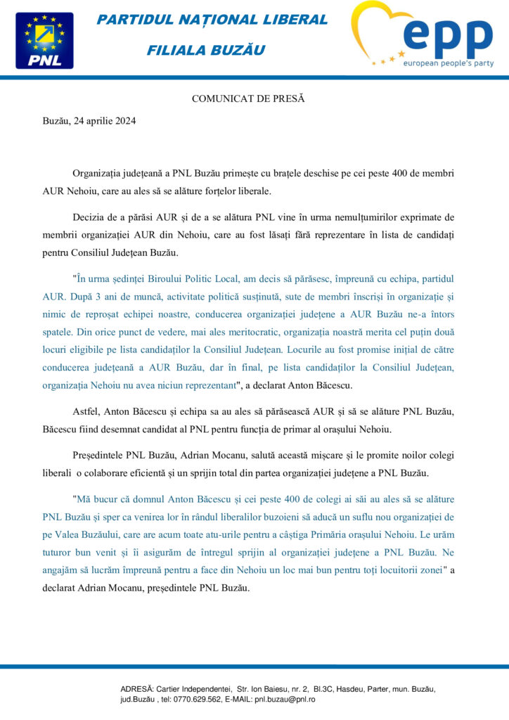Iată comunicatul de presă, transmis azi de PNL Buzău:
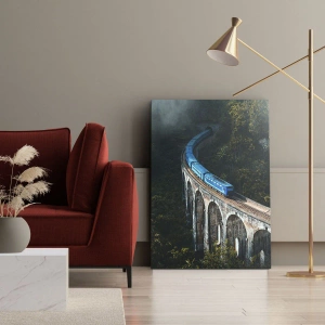 Impression sur toile - Image sur toile - Un train bleu sur un viaduc historique au milieu des forêts - 120x80cm - Train nature - Décoration murale moderne pour le salon et la chambre ARTTOR
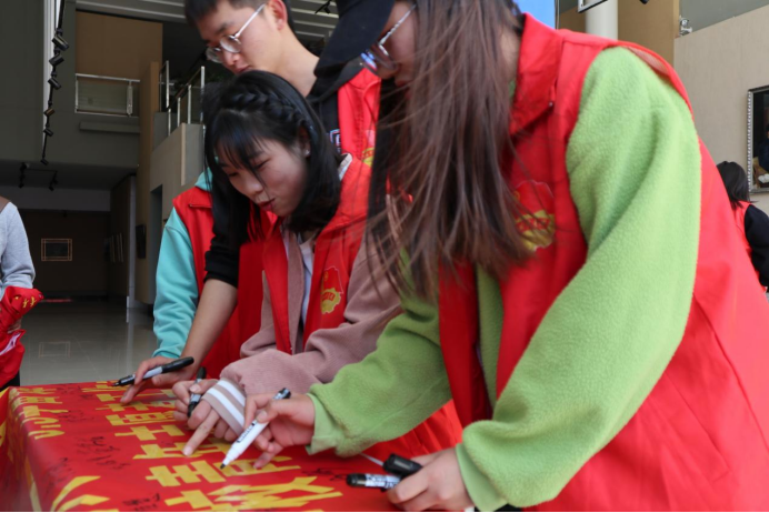 活动结束后,各位志愿者纷纷在横幅上签下自己的名字,呼吁更多地同学加入到无私奉献、全心全意为人民服务,践行雷锋精神的队伍中来。“人的生命是有限的,可是,为人民服务是无限的,我要把有限的生命,投入到无限的为人民服务中去。”生活中,雷锋不是英雄,只是将一件件小小的好事坚持做下去的普通人。学习雷锋也不仅仅是雷锋月的事情, 应该是每一个天的事。
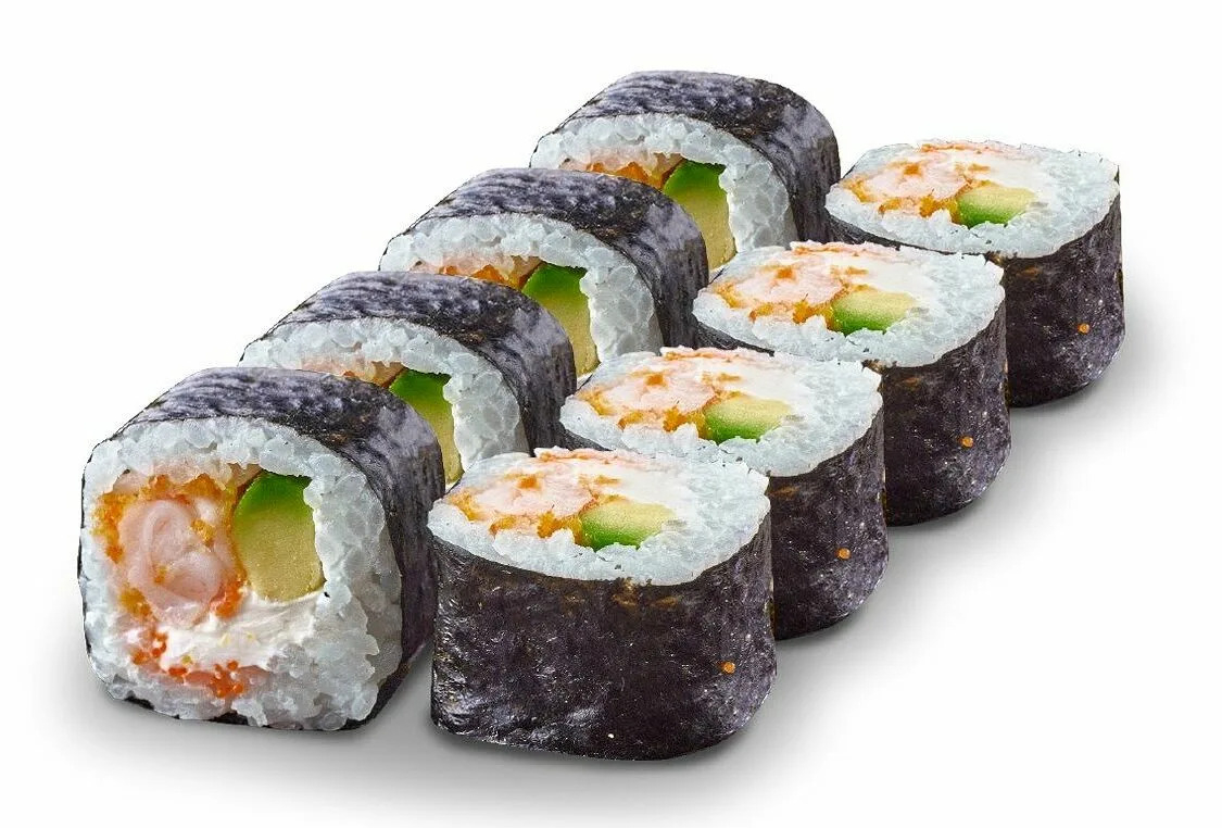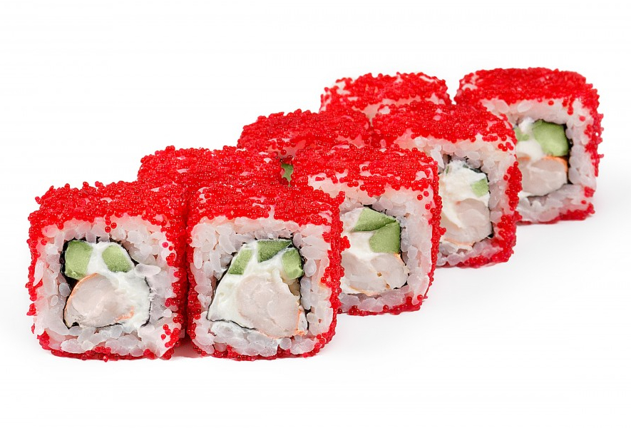 Креветка коктейльная, огурец, слив. сыр, тобико, кунжут
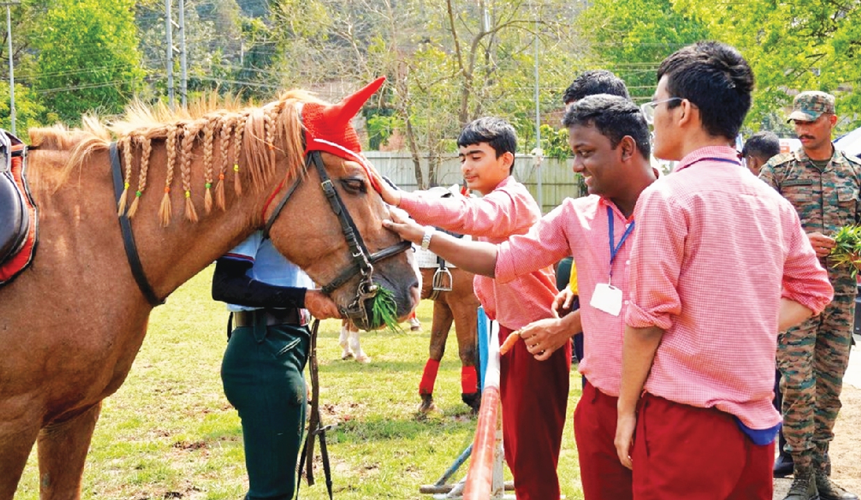 The programme brought together specially-abled children from Asha School, Narangi Military Station, providing them an opportunity to experience the therapeutic and emotional benefits of equine interaction in a safe and encouraging environment.
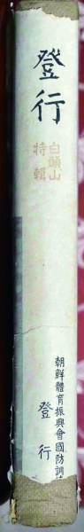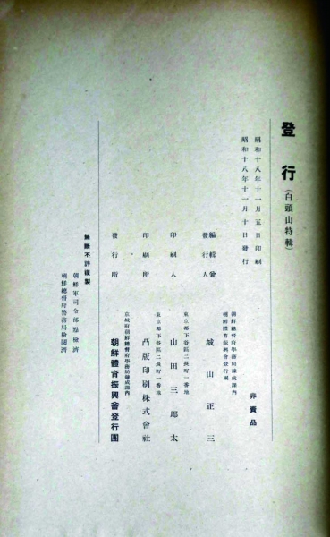 记者看到, 该书书皮各角已陈旧斑驳,为大开本30×22厘米,共228页。纸质护封正面为字加图,最上端字为书名“登行”,“书名下为小字“白头山特辑”。字下端是一张用前面是日本国旗,后面以长白山为背景的照片。护封内为封布面硬精装。印刷日期为:昭和十八年十一月五日,发行日期为昭和十八年十一月十日。印刷所为东京都下谷区二长町一番地凸版印刷株式会社。在该书尾页标明为非卖品,并强调“无断不得复制”。
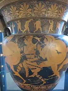 The Arezzo 1465 vase is an Attic volute krater attributed to Euphronios, that dates to the Late Archaic period (550–510 BCE). It is a red-figure style vase, which became popular during the time of its making, and it was found in Arezzo, Italy in the Etruria region in 1465 due to the vast trade network stemming from Athens.[1] The vase is currently housed in Arezzo, in the Museo Archeologico Nazionale.[2]
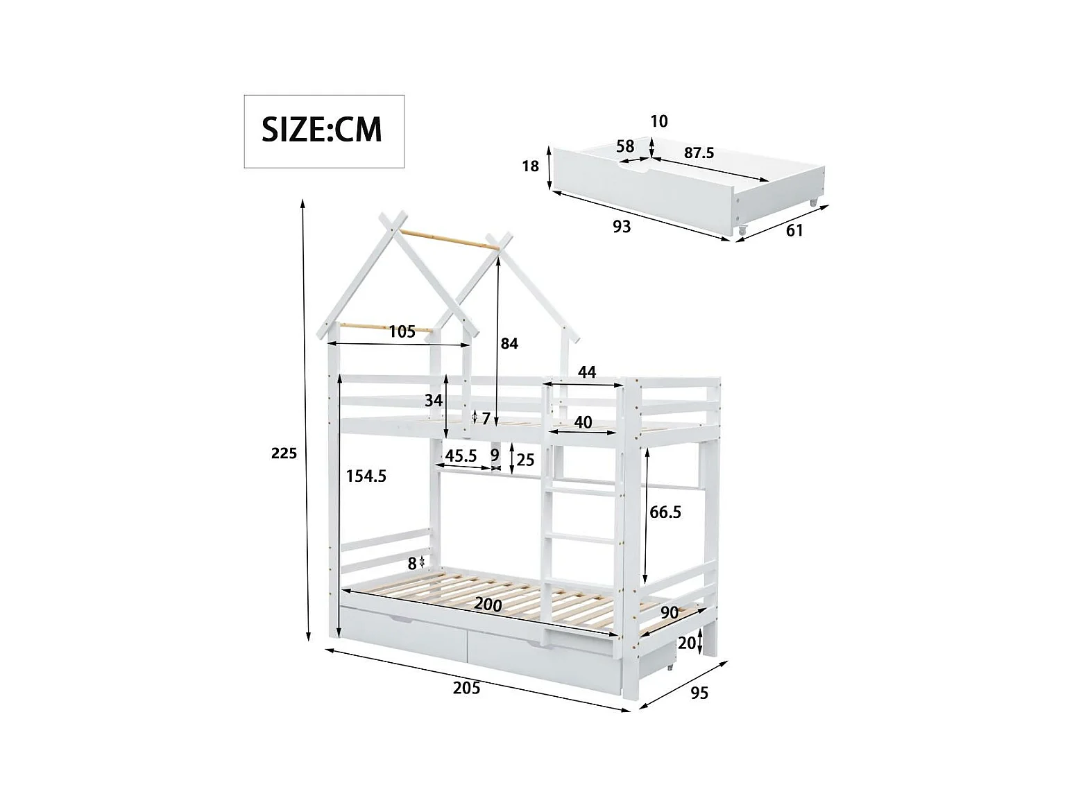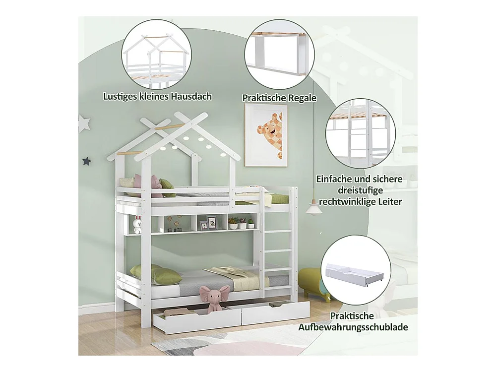 Lit superposé avec tiroirs échelle à angle droit à trois marches lit enfant avec protection blanc 90x200cm
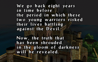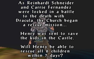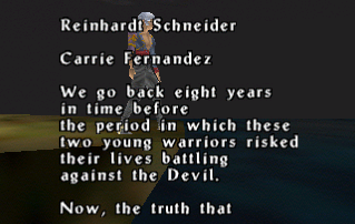 The intros of Reinhardt and Carrie remain unchanged from Castlevania 64, with the same set prologue before their own predicaments are noted within the final two paragraphs; Henry also uses that set prologue followed by his own mission sequence. Below is the set intro followed by Carrie, Reinhardt and Henry's. Keep in mind: At the latter part of each intro, the hero character is seen walking onto a mountain cliff, sizing up Castlevania. (For imagery for their intros, look here.)
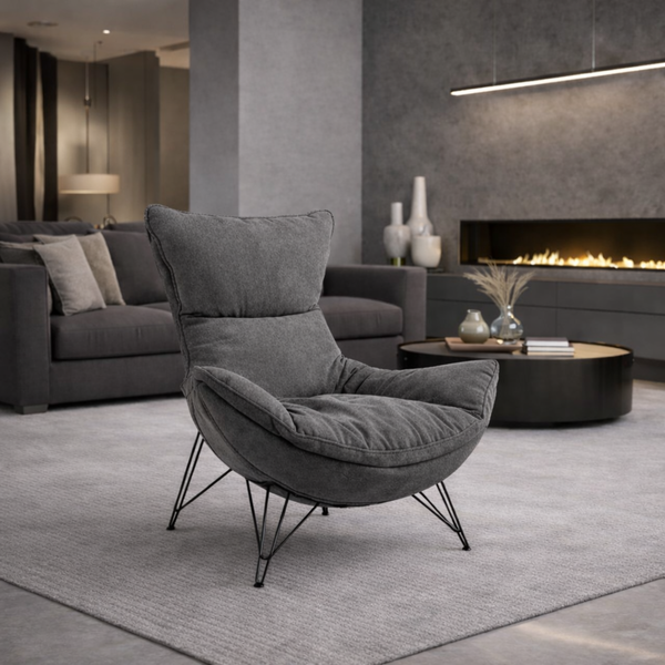 MERCURY πολυθρόνα σε γκρίζο αδιάβροχο ύφασμα και μαύρα πόδια
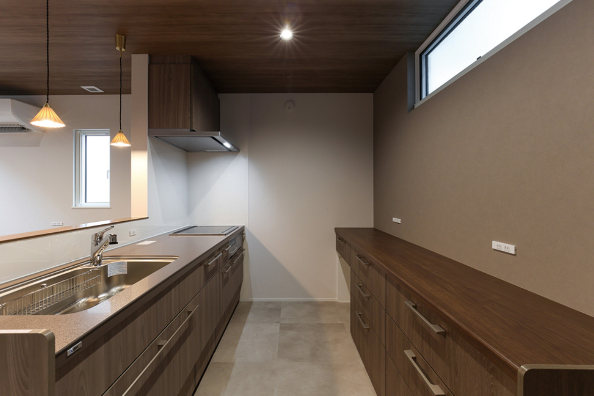 「毎日」を考えて設計した家事動線無駄な動きがないよう、キッチンからサンルームをつなげて設計された家事動線。家事のしやすさは家庭で違うので、家族がしやすいように間取りを考えて家造りができるのも注文住宅のいいところ。
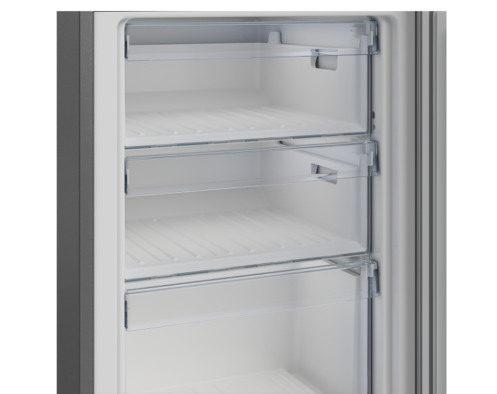 The thoughtful details continue with an egg tray, ensuring your eggs are stored safely and conveniently. In the freezer section, two drawers and freezer flaps allow for organized storage of frozen goods, making it easy to access and retrieve items when needed.
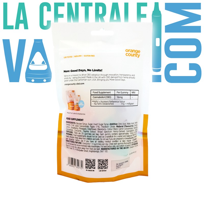 Bredspektrum Cannabidiol (CBD) härrörande från hampa, Glukossirap, Socker, Invertsocker, Syrabildare : Citronsyra, Äppelsyra; Geleringsmedel: Pektin; Fuktighetsbevarande medel : Sorbitol; Fruktjuicekoncentrat; Äpple (1%); Surhetsreglerande medel: Trinatriumcitrat, Naturliga aromer: Äpple, Citron, Apelsin, Hallon, Surkörsbär; Färgämnen: Koncentrat av svart morot, koncentrat av spirulina och gurkmeja.
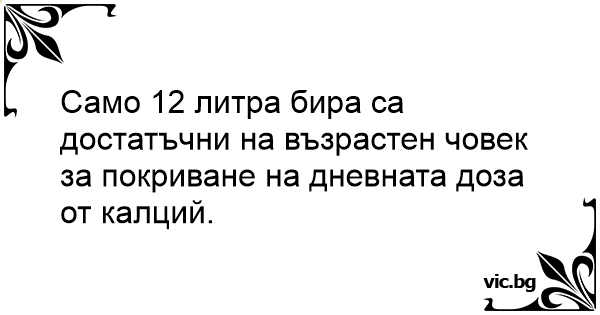Само 12 литра бира са достатъчни на възрастен човек за покриване на дневната доза от калций.

(TASK GOAL) Starting at the line that contains "MERCURY πολυθρόνα σε", write out exactly each line through the last one in the listing above, leaving out the pictures and adding nothing else.

(ANSWER SECTION)
 MERCURY πολυθρόνα σε γκρίζο αδιάβροχο ύφασμα και μαύρα πόδια
 「毎日」を考えて設計した家事動線無駄な動きがないよう、キッチンからサンルームをつなげて設計された家事動線。家事のしやすさは家庭で違うので、家族がしやすいように間取りを考えて家造りができるのも注文住宅のいいところ。
 The thoughtful details continue with an egg tray, ensuring your eggs are stored safely and conveniently. In the freezer section, two drawers and freezer flaps allow for organized storage of frozen goods, making it easy to access and retrieve items when needed.
 Bredspektrum Cannabidiol (CBD) härrörande från hampa, Glukossirap, Socker, Invertsocker, Syrabildare : Citronsyra, Äppelsyra; Geleringsmedel: Pektin; Fuktighetsbevarande medel : Sorbitol; Fruktjuicekoncentrat; Äpple (1%); Surhetsreglerande medel: Trinatriumcitrat, Naturliga aromer: Äpple, Citron, Apelsin, Hallon, Surkörsbär; Färgämnen: Koncentrat av svart morot, koncentrat av spirulina och gurkmeja.
Само 12 литра бира са достатъчни на възрастен човек за покриване на дневната доза от калций.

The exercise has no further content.